You can automatically retrieve the gradients of the weights of a layer by calling it inside a GradientTape. Using these gradients, you can update the weights of the layer, either manually, or using an optimizer object. Of course, you can modify the gradients before using them, if you need to.

In [None]:
# prepare a dataset
(x_train, y_train), _ = tf.keras.datasets.mnist.load_data()
dataset = tf.data.Dataset.from_tensor_slices(tensors=(x_train.reshape(60000, 784).astype("float32")/255, y_train))
dataset = dataset.shuffle(buffer_size=1024).batch(64)

# instantiate our linear layer (defined above) with 10 units
linear_layer = Linear(10)
# instantiate a logistic loss function that expects integer targets
loss_fn = tf.keras.losses.SparseCategoricalCrossentropy(from_logits=True)
# instantiate an optimizer
optimizer = tf.keras.optimizers.SGD(learning_rate=1e-3)

# iterate over the batches of the dataset
for step, (x, y) in enumerate(dataset):
    # open a GradientTape
    with tf.GradientTape() as tape:
        # forward pass
        logits = linear_layer(x)
        # loss value for this batch
        loss = loss_fn(y, logits)

    # get gradients of the loss wrt the weights
    gradients = tape.gradient(loss, linear_layer.trainable_weights)
    # update the weights of our linear layer
    optimizer.apply_gradients(zip(gradients, linear_layer.trainable_weights))

    # logging
    if step % 100 == 0:
        print("Step:", step, "Loss:", float(loss))


## Trainable and non-trainable weights

Weights created by layers can be either trainable or non-trainable. They're exposed in trainable_weights and non_trainable_weights respectively.
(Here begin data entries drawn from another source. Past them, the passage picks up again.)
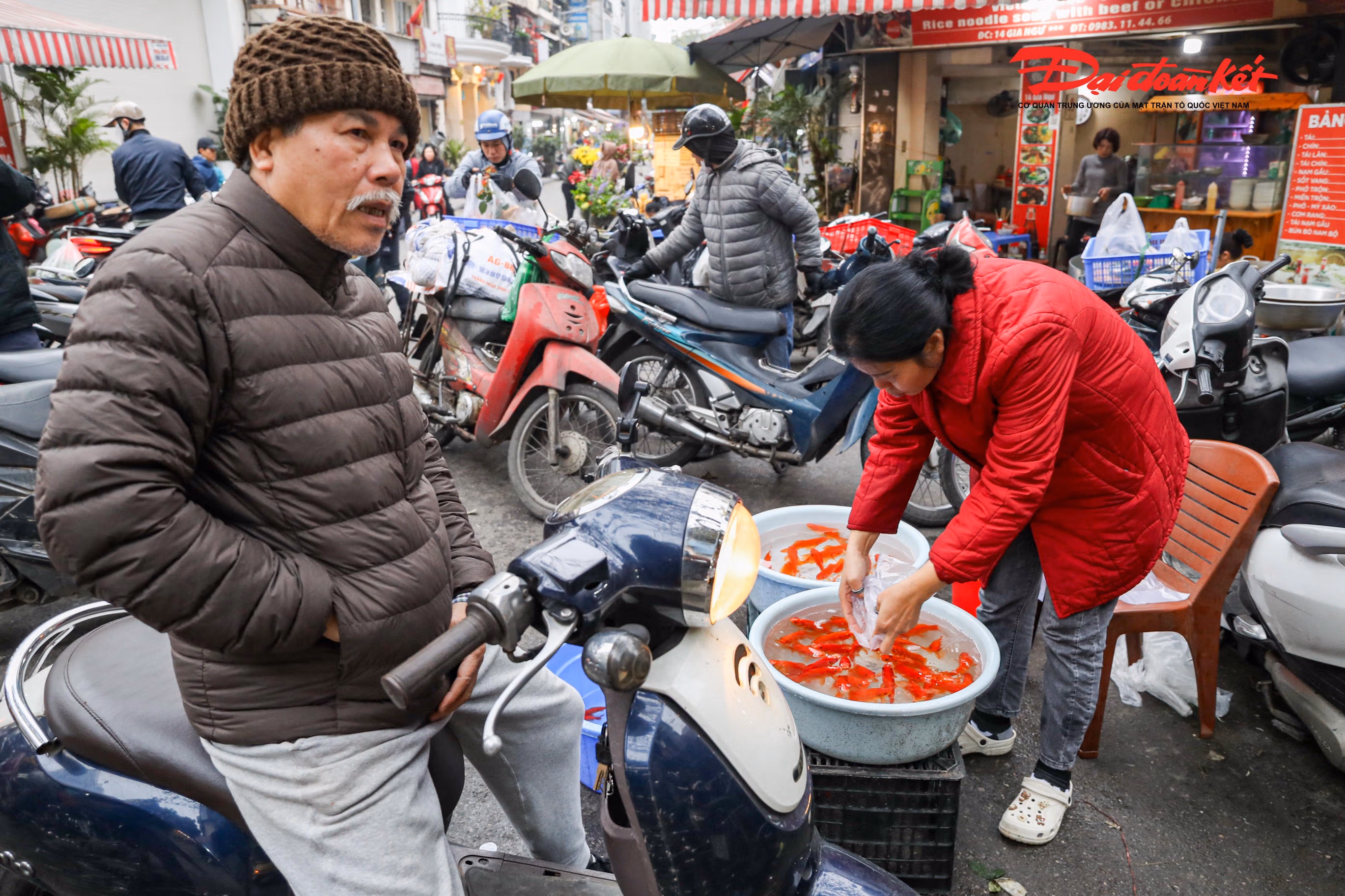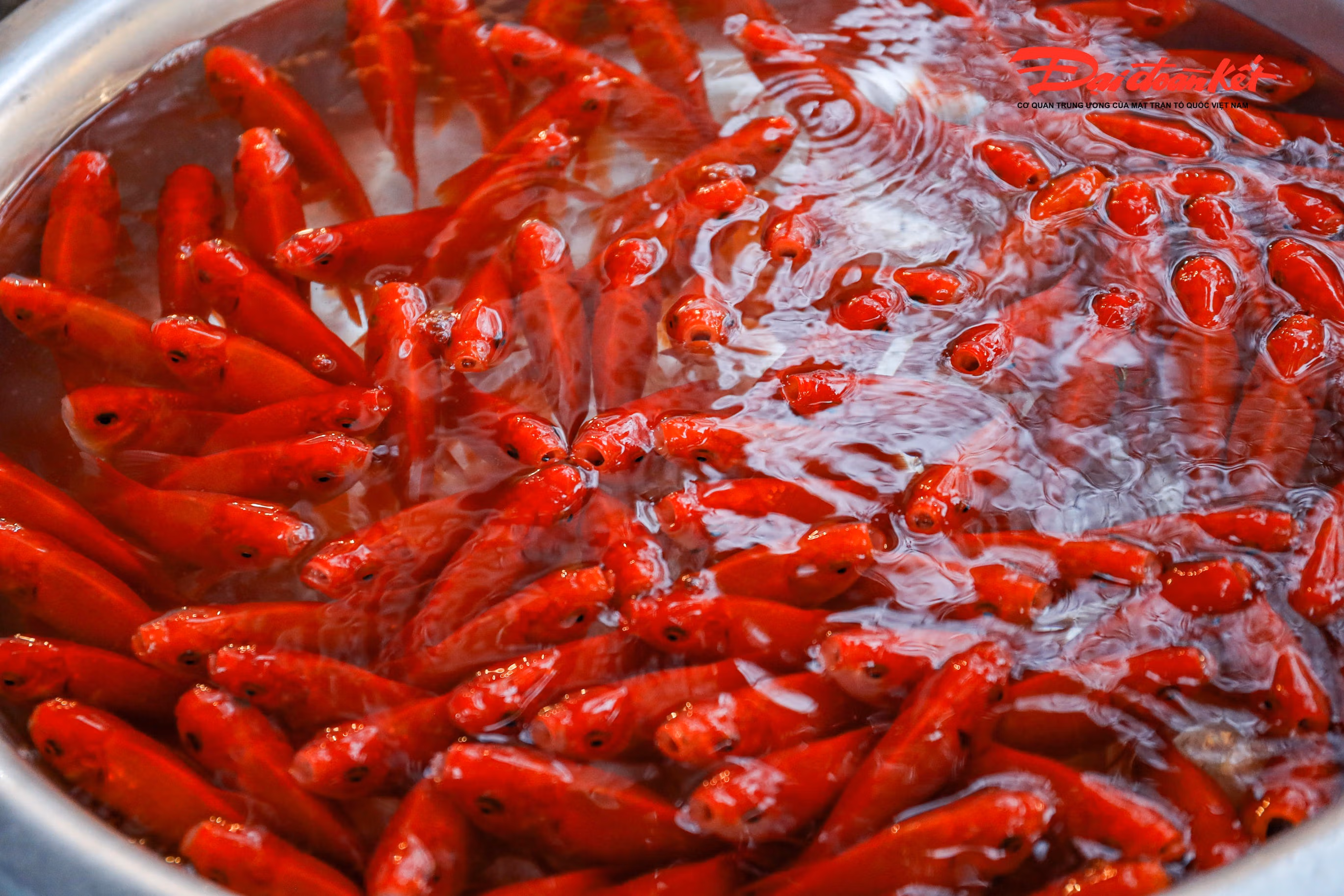 Cá chép đỏ lễ vật không thể thiếu trong phong tục cúng ông Công, ông Táo cũng được bày bán với đủ loại kích cỡ, mức giá dao động từ 50.000 đến 100.000 đồng/ 3 con.
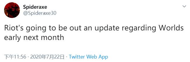 不管S10全球总决赛能否举办,拳头游戏都要给予玩家一个明确答复了,以免继续吊着玩家。和拳头游戏熟悉的舅舅党Spideraxe今天早些时候在个人推特上,也是透露了一个消息,他表示拳头游戏打算在下个月初,更新世界赛的相关资讯,届时会有更多新闻放出。
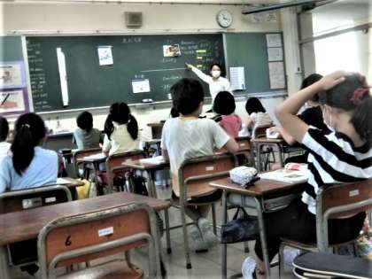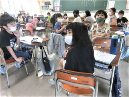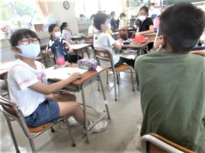 授業中。静かに考えたり笑顔で話したり、メリハリのある学習をしています。
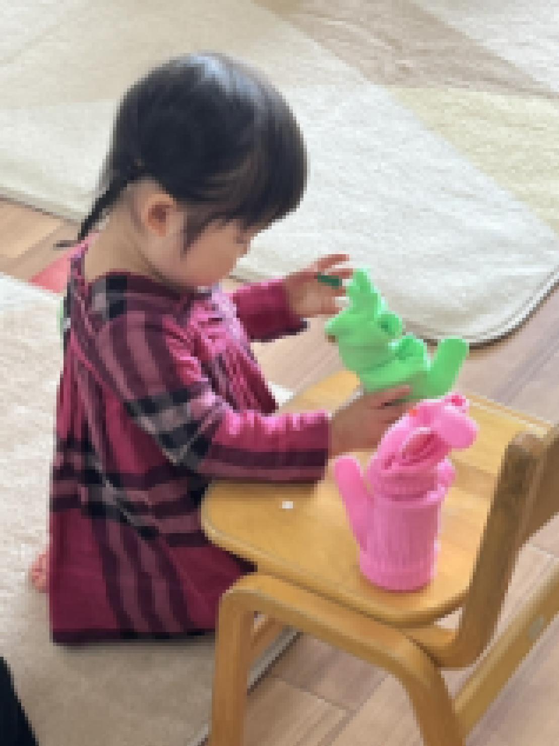 そのあと、ママに作ってもらったうさぎを手にはめて
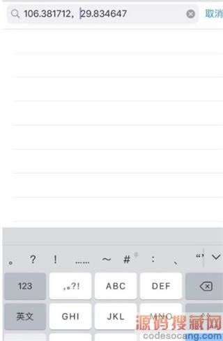 3、点击搜索,在搜索栏中输入经纬度,以逗号隔开。
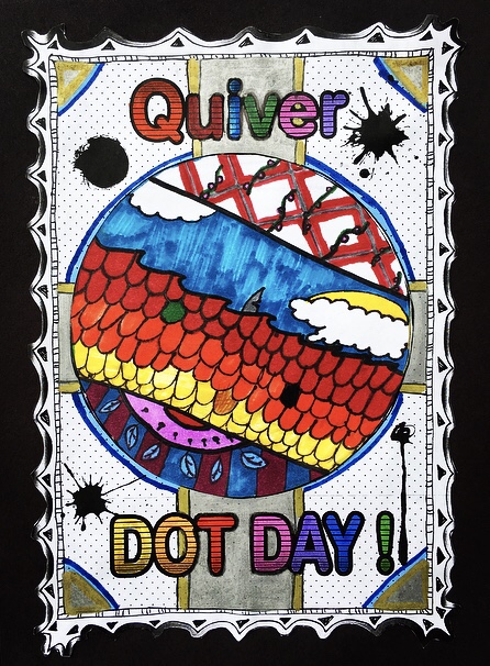We started our designs with pencil on the blank Quiver Dot Day page. Then we added color and depth to our Zentangle designs with Sharpie markers.
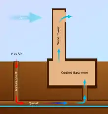 Un chabestán puede enfriarse usando un viaje de agua en conjunto con un captador de viento. El captador de viento es una estructura similar a una chimenea que se coloca sobre las casas; tiene cuatro aberturas, de las cuales la opuesta a la dirección del viento se abre para sacar el aire de la casa. El aire que entra es extraído de un viaje de agua bajo la casa. El flujo de aire a través de la abertura en el eje vertical crea una presión más baja (véase efecto Bernoulli) y hala aire frío desde el túnel del viaje de agua debajo de la casa. El aire del viaje de agua es introducido en el túnel a cierta distancia y se enfría por el contacto con las paredes frías del túnel o con el agua fría, así como por la liberación del calor latente de la evaporación a medida que el agua se evapora en la corriente de aire. En climas desérticos secos, esto puede resultar en una reducción de más de 15 °C de la temperatura del aire procedente del viaje de agua. Los captadores de viento y el enfriamiento por viaje de agua han sido utilizado en climas desérticos durante más de 1000 años.[2]
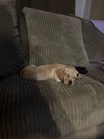 Beautiful male puppy has a beautiful cream color has more dachshund he is long with big ears had colored eyes very sweet for more info text me at
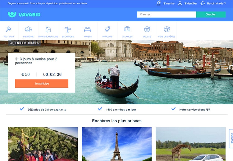 Vavabid est un site d’enchères de produits, de loisirs, de séjours, séances de bien être (…) : parcs d’attractions, visites, rendez-vous saunas, sorties, voyages, …

Here's a layer with a non-trainable weight.

In [None]:
class ComputeSum(keras.layers.Layer):
    """Returns the sum of the inputs."""

    def __init__(self, input_dim):
        super(ComputeSum, self).__init__()
        # create a non-trainable weight
        self.total = tf.Variable(initial_value=tf.zeros((input_dim,)), trainable=False)
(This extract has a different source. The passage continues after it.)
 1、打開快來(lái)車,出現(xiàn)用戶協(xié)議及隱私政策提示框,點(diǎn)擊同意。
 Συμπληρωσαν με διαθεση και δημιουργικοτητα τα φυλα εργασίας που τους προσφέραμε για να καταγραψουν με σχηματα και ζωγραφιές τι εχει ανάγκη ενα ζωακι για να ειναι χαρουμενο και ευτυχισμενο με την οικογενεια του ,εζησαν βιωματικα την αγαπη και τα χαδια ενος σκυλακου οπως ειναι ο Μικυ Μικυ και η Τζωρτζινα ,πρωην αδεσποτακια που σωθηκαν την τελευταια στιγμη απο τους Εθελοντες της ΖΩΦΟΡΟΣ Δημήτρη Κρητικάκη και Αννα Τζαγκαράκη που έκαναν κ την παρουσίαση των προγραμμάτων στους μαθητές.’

    def call(self, inputs):
        self.total.assign_add(tf.reduce_sum(inputs, axis=0))
        return self.total

In [None]:
# initialise
my_sum = ComputeSum(2)
x = tf.ones((2, 2))

y = my_sum(x)
print(y.numpy())  # [2. 2.]

y = my_sum(x)
print(y.numpy())  # [4. 4.]

In [None]:
# assert weights
assert my_sum.weights == [my_sum.total]
assert my_sum.non_trainable_weights == [my_sum.total]
assert my_sum.trainable_weights == []

## Layers that own layers

Layers can be recursively nested to create bigger computation blocks. Each layer will track the weights of its sublayers (both trainable and non-trainable).

In [None]:
# let's reuse the Linear class with a `build` method that we defined above.
class MLP(keras.layers.Layer):
    """Simple stack of Linear layers."""

    def __init__(self):
        super(MLP, self).__init__()
        self.linear_1 = Linear(32)
        self.linear_2 = Linear(32)
        self.linear_3 = Linear(10)

    # stacking of the 3 layers
    def call(self, inputs):
        x = self.linear_1(inputs)
        x = tf.nn.relu(x)
        x = self.linear_2(x)
        x = tf.nn.relu(x)
        return self.linear_3(x)

In [None]:
# initialise
mlp = MLP()
# the first call to the `mlp` object will create the weights
y = mlp(tf.ones(shape=(3, 64)))
y

In [None]:
# weights are recursively tracked
assert len(mlp.weights) == 6

Note that our manually-created MLP above is equivalent to the following built-in option.

In [None]:
mlp = keras.Sequential([keras.layers.Dense(32, activation=tf.nn.relu), keras.layers.Dense(32, activation=tf.nn.relu), keras.layers.Dense(10)])
mlp